A blog called “Presentation Zen” has generated a lot of buzz for a couple of posts that smugly satisfy what an audience wants to believe: Bill Gates and Visual Complexity and Gates, Jobs, and the Zen Aesthetic. Readers feel righteous in the easy digs at Microsoft’s busy PowerPoint slides, particularly when compared to Jobs’ spare presentations.

And when I first saw those posts, I thought, “Yeah! Spareness! Simplicity! Whoo!” Bet then I wondered, “Um, isn’t Bill Gates worth a gajillion dollars? Isn’t Microsoft an exceedingly successful company? Should we maybe look at this a little differently?”

And I wonder: Maybe Microsoft is giving people what they want. Obviously, it’s all about context. And Microsoft’s contexts are very different from Apple’s. Steve Jobs never really explains anything. He simply shows products. He pretty much just gives demos. Bill Gates, in the presentations critiqued by those posts, is trying to explain something… And explain something that contains a fair bit of complexity. And Bill’s audience is likely quite different… Bill is trying to communicate to developers, who are wondering about the ramifications of Microsoft’s decisions on their livelihood.

Steve Jobs pretty much just preaches to the choir (and press).

I would argue that Jobs’ approach, while perhaps more aesthetically appealing, actually demonstrates a fair amount of condescension. “Don’t worry your pretty little heads… Uncle Apple has it all figured out for you.” Gates’ approach, while clumsier, is also more revealing… It provides opportunities for the audience to understand the machinations, and how those might affect them.
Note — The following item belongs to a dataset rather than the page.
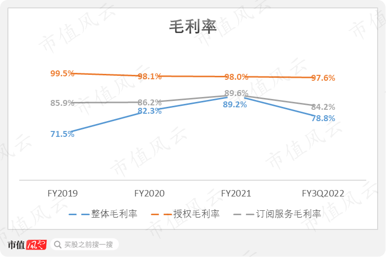 过去三个财年,公司整体毛利率一路攀升,2021财年达到89%。然而,2022财年前三季度,整体毛利率下滑至79%。为什么呢?
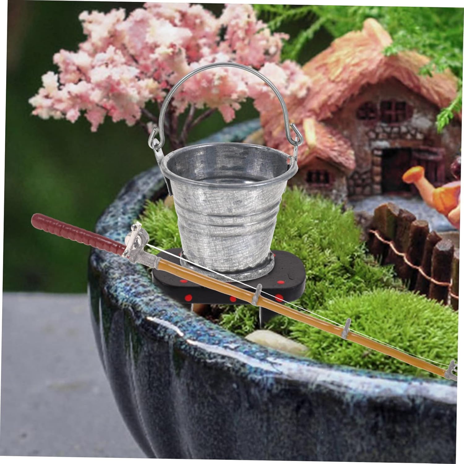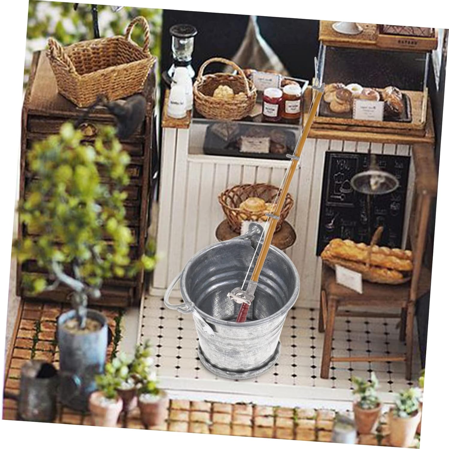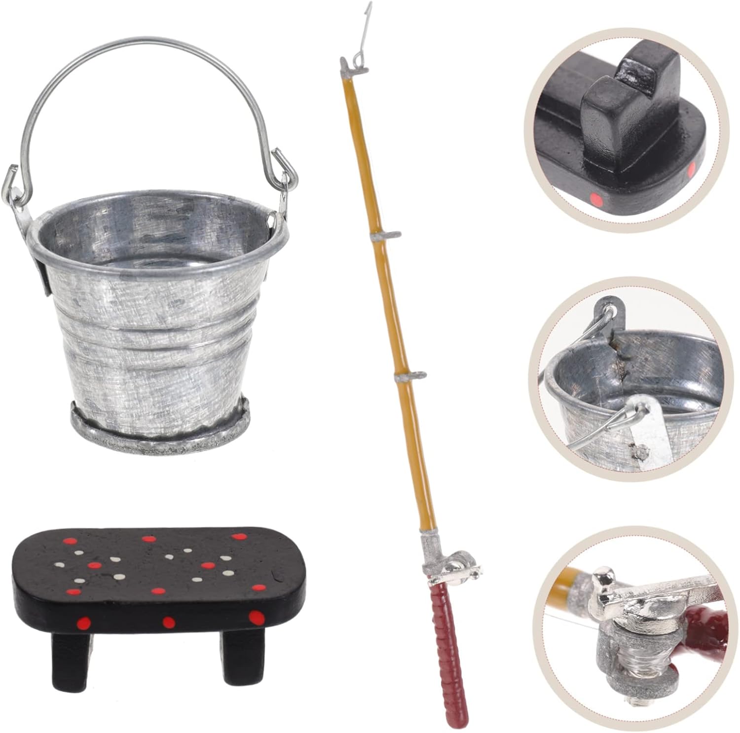 Mini attrezzo ornamentale per la casa: puoi abbinare il set di forniture per la pesca con vari decori in miniatura nella tua casa per completare l'arredamento della micro casa, di mini secchio Canna da pesca per casa delle bambole: l'accessorio perfetto per la casa, per creare una scena completa della camera da letto, mini canna da pesca da tavolo Divertente mini attrezzo per la casa: il mini set di forniture per la pesca può soddisfare le tue diverse esigenze di decorazione per il soggiorno, la sala da pranzo o la camera da letto per la mini casa, mini attrezzo per oggetti di scena per la fotografia Di attrezzo giocattolo: realizzato con materiali di , con dettagli squisiti e lavorazione raffinata, questa canna da pesca in miniatura è un mini accessorio per la casa delle bambole Mini attrezzo per casa giocattolo: questo mini set di forniture per la pesca può essere abbinato bene a mini paesaggi, mini sculture e altre miniature, mini canna da pesca per casa

I mean, Bill Gates didn’t get to where he is for doing this kind of stuff poorly.

I’ve given many presentations where the feedback was, “more bullet points.” Depending on what you’re talking about, people want those details spelled out… They don’t want shiny imagery. They want something that they can take home with them and recall what was discussed. They wants something they can *use*.

So, I think the challenge is to dig beneath the superficial qualities of these presentations and try to understand what is going on here. I’m not trying to defend Microsoft, but I don’t know if we should be so quick to laud Apple. Apple does everything they can to tightly control The Message, to feed you exactly what they want you to know. Kind of like, I don’t know, the Bush Administration (and I make that comparison knowingly. I’m very frustrated by how Apple communicates (or mostly, doesn’t) to the outside world.)

Though, yeah, I honestly don’t understand how any designers thought the clouds was good imagery..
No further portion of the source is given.